> **How to complete this task**
Could you repeat the entries below exactly, but only from the line with "Full body, solo, statuesque" through the line with "Bloomingville Schalen Emma", and without any picture?

> **Given data**
+ + +

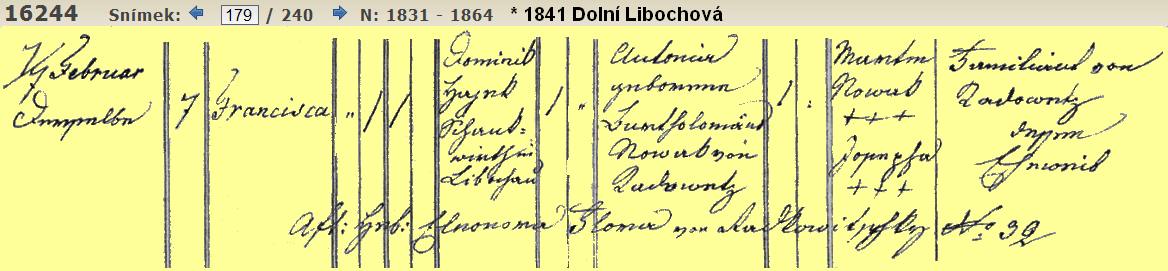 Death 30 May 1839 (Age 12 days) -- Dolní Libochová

+ + +

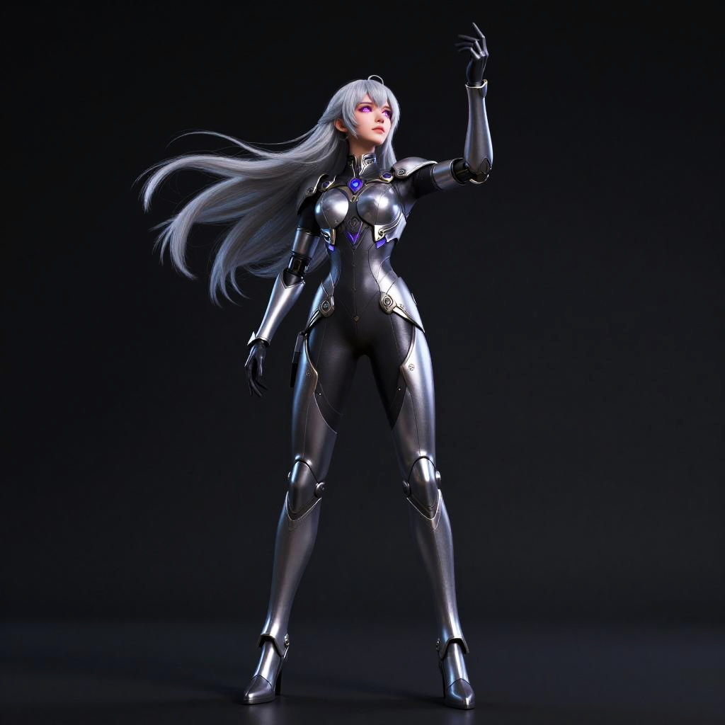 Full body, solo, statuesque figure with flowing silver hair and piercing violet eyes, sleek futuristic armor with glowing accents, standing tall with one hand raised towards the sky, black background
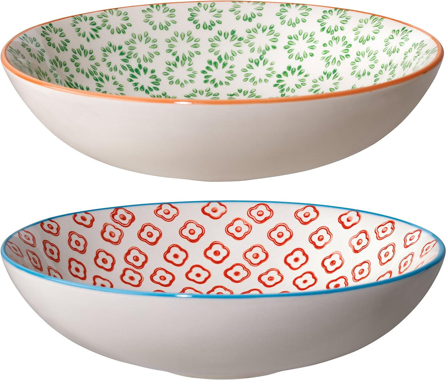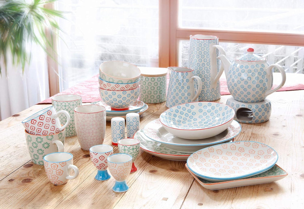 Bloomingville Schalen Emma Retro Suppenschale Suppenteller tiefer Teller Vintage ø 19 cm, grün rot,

+ + +

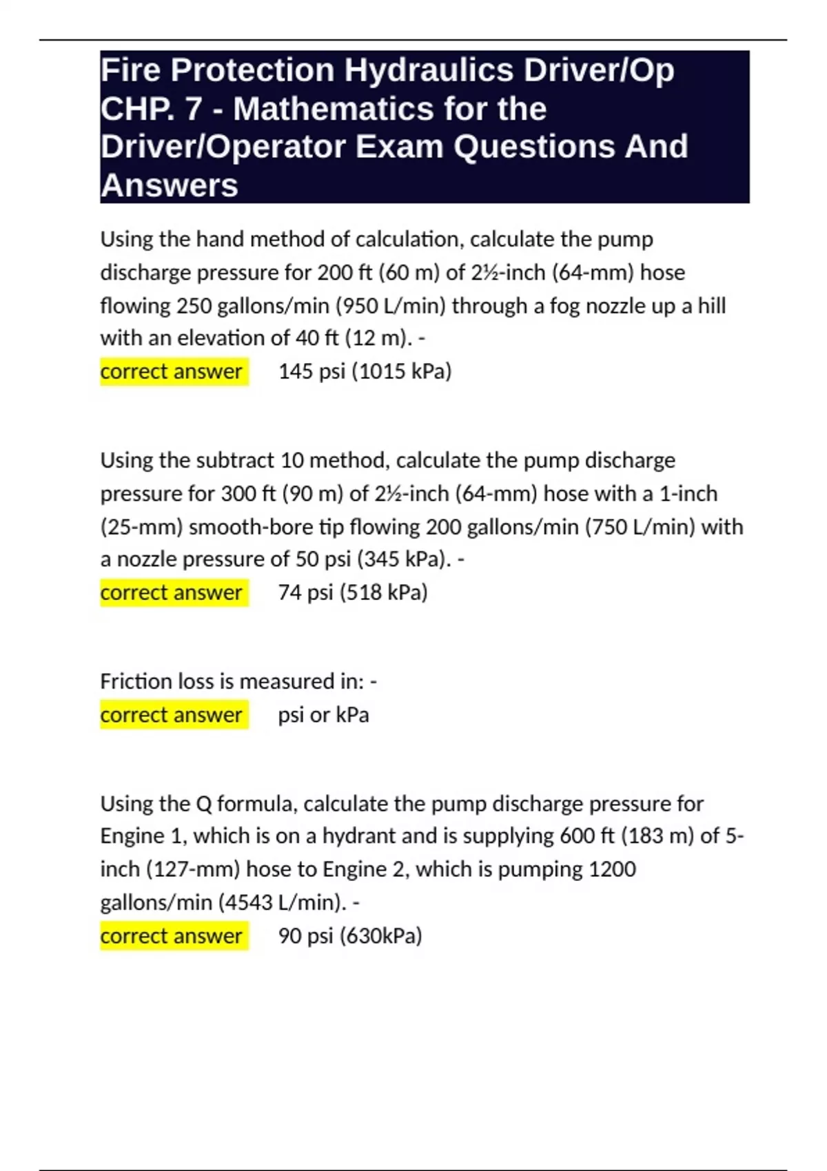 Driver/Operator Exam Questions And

+ + +

> **Answer below**
 Full body, solo, statuesque figure with flowing silver hair and piercing violet eyes, sleek futuristic armor with glowing accents, standing tall with one hand raised towards the sky, black background
 Bloomingville Schalen Emma Retro Suppenschale Suppenteller tiefer Teller Vintage ø 19 cm, grün rot,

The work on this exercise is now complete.